By Maiy Azize - posted Thursday, 25 March 2010

A few weeks ago, a friend of mine working in Parliament House suggested we begin a new drinking game: every time an Opposition MP used the words “great big new tax,” we would all take a shot of vodka.

Just the other week, Coalition Senator Eric Abetz threatened to send us into a drunken flurry when he delivered a speech in the Senate on the beleaguered CPRS.

It was full of the usual rhetoric. He labelled the CPRS a “big new tax” on everything and discussed its diminishing support within Australia and around the world.


In their campaign against the CPRS, Tony Abbott, Barnaby Joyce and Eric Abetz have failed to represent the interests of an important demographic. Poll after poll shows us that young people still want to see a strong response to climate change. They’re also growing more and more cynical about the responses of both the major parties.

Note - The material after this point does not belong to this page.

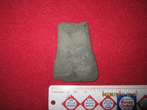 3 1/2" FLARED BIT HARD STONE CELT ( " SHAGINAPPI SITE ", NEAR- PIPE, WISCONSIN )
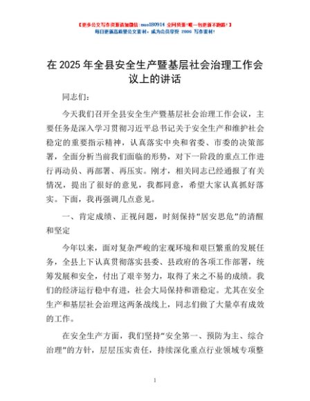 / 在2025年全县安全生产暨基层社会治理工作会议上的讲话

And why shouldn’t they be? Discussions of the impacts of climate change have been devoured by arguments about taxes, levies and which country should be the first to show leadership.

Eric Abetz made this impassioned plea to the Senate: “We believe that there are matters of graver importance to be considered. Let us make no mistake: this would be a massive, big new tax on everything. It would impact every man, woman and child in Australia today and every man, woman and child in Australia for generations to come.”

Frankly, it’s pathetic that one of our leaders would assign such dramatic language to a tax. Throughout his speech, he made no mention of the devastation that the impacts of climate change could cause.

What’s even sadder is that Abetz and his colleagues don’t think we should bother developing any real response to climate change unless China, India and the United States do so first. Basically, the Opposition is saying that we should be the last developed economy in the world to show real leadership, barring a piecemeal direct action scheme and planting some new trees.

In reality, the Coalition’s direct action scheme forces the ordinary taxpayer to pay for polluters because it will be funded by savings in the budget. Their scheme also becomes more expensive every year. On the other hand, the CPRS recoups most of its own costs but uses the savings to provide generous concessions and exemptions to polluters.


For the record, the similarities between the Coalition and Government policies are more important than the differences. They have both set woefully low targets, they are both inefficient and neither forces the big polluters to pay for the emissions they produce.

In spite of its faults, the Coalition’s policy can already boast one great achievement. It has forced the Government to start defending the CPRS on its merits, and, to explain how it works to the public. In just a few short weeks, we have moved away from a debate where a CPRS is the only solution to one where more options are on the table. Everything from Coalition’s own inept scheme through to the Greens’ proposal for an interim Carbon Tax are now being seriously debated.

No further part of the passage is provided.